There is limited research into treatment for sleep disturbance in MPS III. Given the abnormalities in diurnal melatonin concentration, exogenous melatonin is often the pharmacological treatment of choice, with some level of effectiveness reported by parents in approximately 70 % of individuals with MPS III [31]. In this study [31], 60 % of families also reported some degree of success with behavioural strategies although only 37 % of the overall sample had tried a behavioural intervention. There is therefore undoubtedly scope for further research into the acceptability and effectiveness of behavioural intervention for sleep in MPS III. Finding effective treatment is critical given that sleep disturbance has a major impact on individuals with MPS III and their families. Parents report disrupted sleep patterns for the whole family [29], and both parents and clinicians have described associations between sleep difficulties and increased daytime challenging behaviour in children with MPS III [31,34]. Sleep disturbance places extra strain on parents who are already coming to terms with their child’s diagnosis and its emotional, social and financial burdens. Previous research has indicated that parents of children with MPS III experience clinically significant levels of depression and anxiety [39, 40]. There are, therefore, significant clinical implications for families if an increased understanding of sleep and circadian rhythmicity in MPS III results in tailored, effective interventions.

Aims and hypotheses

This study formed part of a wider investigation into MPS III undertaken at the University of Manchester in conjunction with the Department of Genetic Medicine, St Mary’s Hospital, Manchester. This paper presents additional analysis of the data published by Mahon et al. [33]. The primary aim was to specifically examine parameters of circadian rhythm functioning related to the activity/rest cycle in children with MPS III through the use of objective actigraphic assessment. It was hypothesised that children with MPS III would exhibit a significantly different pattern of circadian functioning, compared to typically developing (TD) controls.

Methods

The National Research Ethics Service North West-Lancaster Research Ethics Committee approved the research protocol.

Participants

Ten families of children with MPS III expressed an interest in participating; however, two families were subsequently withdrawn from the study due to technical problems with actigraphic recording and one child’s additional health complications. Consequently, eight children with MPS III took part in the study: five males and three females, aged 2–15 years (mean = 9 years 3 months, SD = 4.86). Individual demographic information is presented in Table 1. All children had a diagnosis of MPS III subtype A or B. Diagnosis was verified through urine/specific-enzyme analysis, and the presence of sleep disturbance was not a prerequisite to participation.

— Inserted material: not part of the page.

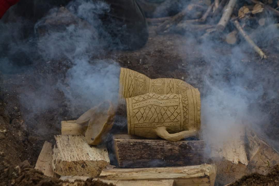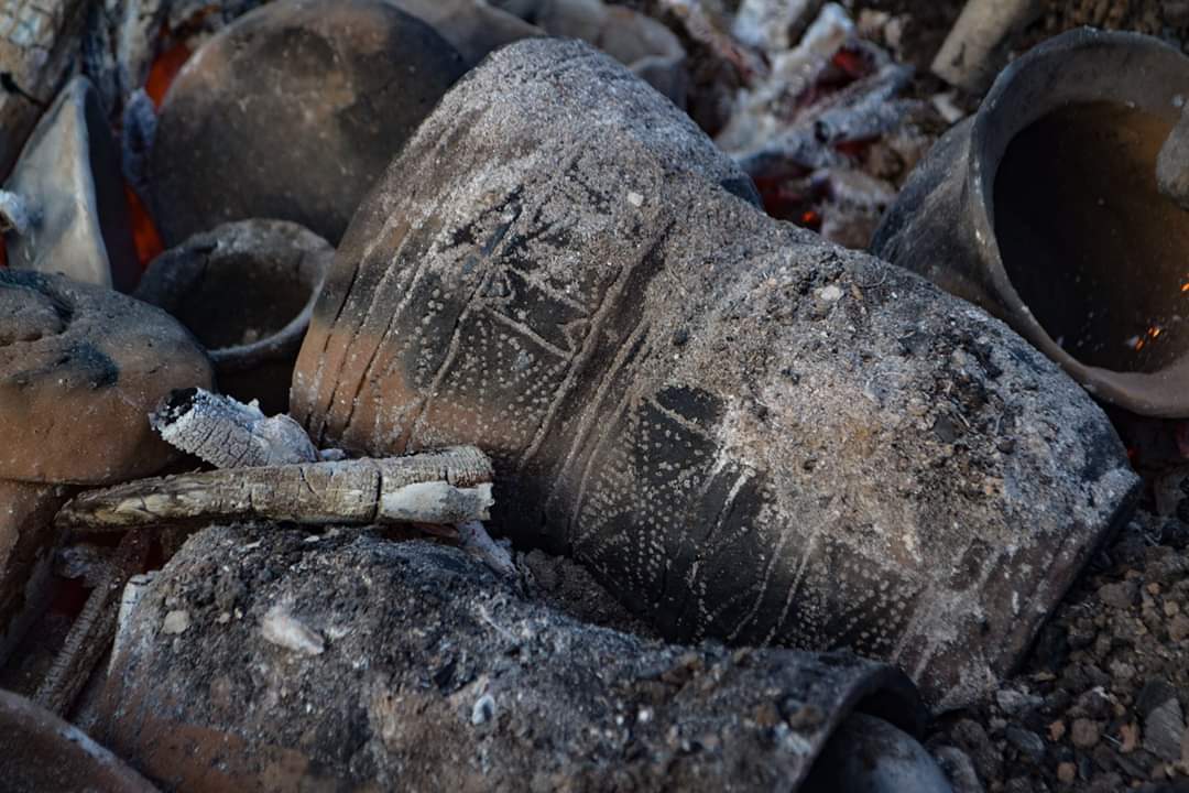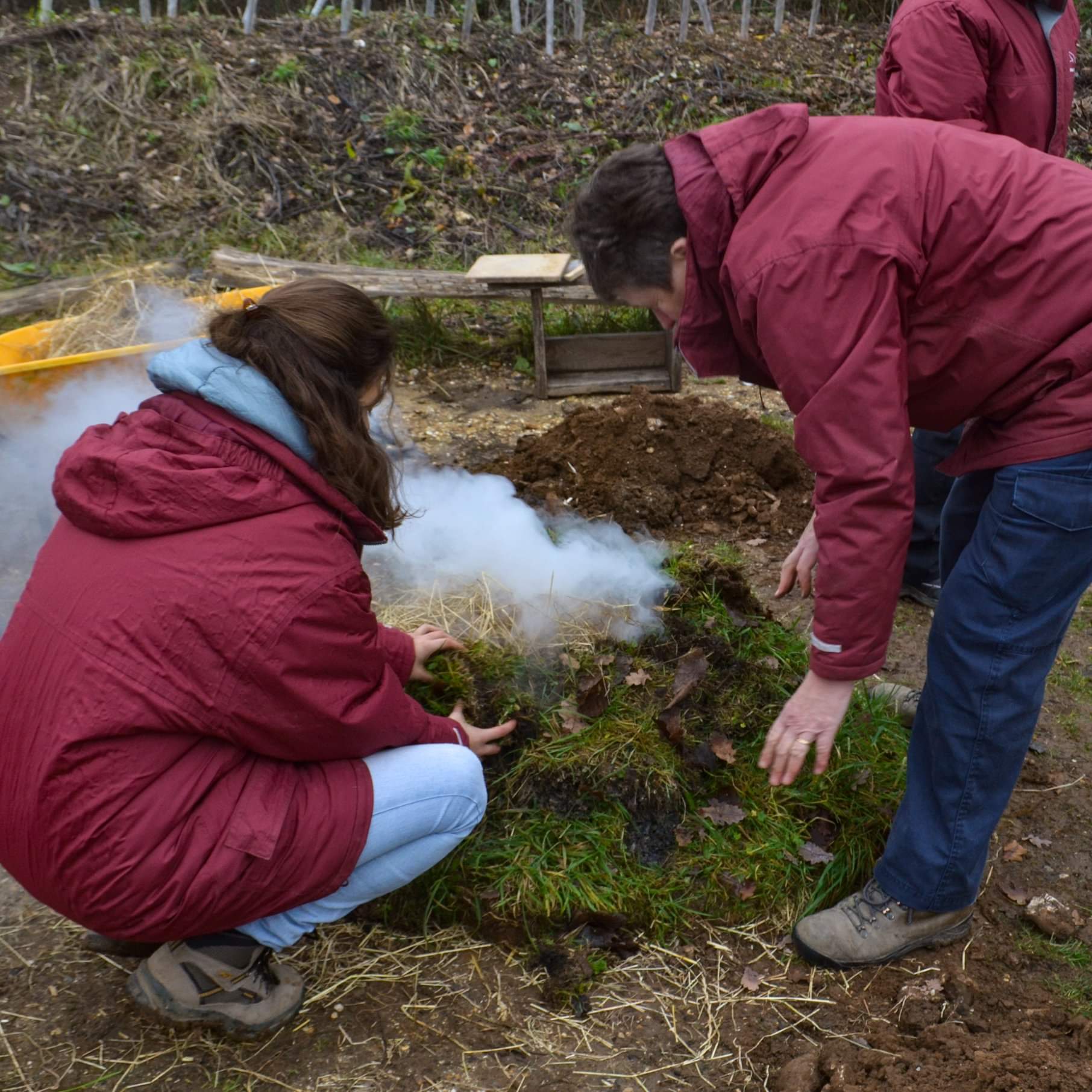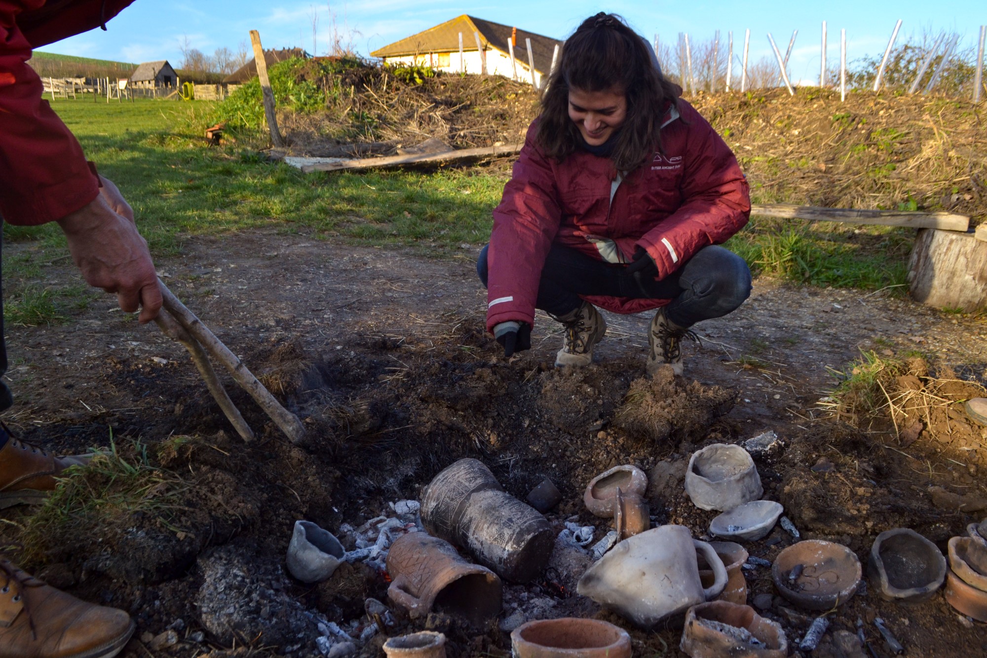 What has been the main difference between doing my internship at Butser Ancient Farm compared to another institution? My job has been varied, from feeding goats and painting the walls of the Roman villa, to meeting a Roman legion re-enactment group and designing a new stratigraphy sign (See Figure 4). All aspects contribute to the important work of Butser. Nevertheless, the experimental archaeology is another subject that we have to present as well. It is for this reason that, during my stay, I have seen how they built a new Anglo-Saxon house, how to forge a metal tool, and how to thatch the roofs of the round houses (See Figures 5 and 6). I have personally worked on two main projects. Firstly, I have been following how the hypocaust of our villa worked over the period of two weeks, to see if we could feel any temperature difference inside the building, and thus formulate conclusions to affirm previous or create new hypotheses. Secondly, I created different clay pots for an activity based in the Bronze Age period. We decided to fire in an experimental fire, using a technique called ‘Pit Clamp Firing’. Through this experiment, we wanted to assess the resistance of the clay we were using, and to learn if the way we made the pots had been right (See Figure 7).

Exclusion criteria were as follows: (i) concurrent involvement in an enzyme replacement study, (ii) previous bone marrow transplant, (iii) serious disease affecting another organ, or (iv) child considered near the end of life. The two eldest children with MPS III subtype A had epilepsy. Older children were prescribed more medications, including medication for sleep (melatonin, chloral hydrate, zopiclone). Given the established effect of exogenous melatonin on circadian rhythmicity [41], this treatment was discontinued 2 weeks prior to data collection. All other medication was unchanged throughout data collection. Previous interventions for sleep had been attempted for four children with MPS III (including melatonin, herbal medication and behavioural techniques) with limited effectiveness as reported by parents. Eight children, four males and four females, aged 3–15 years (mean = 8 years 7 months, SD = 4.85) formed an age-matched (within 1 year), TD control group. These children were not taking any medication and did not have developmental disability, neurological disorder, brain injury, sleep disorder or mental health difficulties.
Table 1

Demographic information of MPS III participants

Participant ID

Sex

Age (years)

MPS III subtype

Ethnicity

Current medication/intervention (effectivenessa)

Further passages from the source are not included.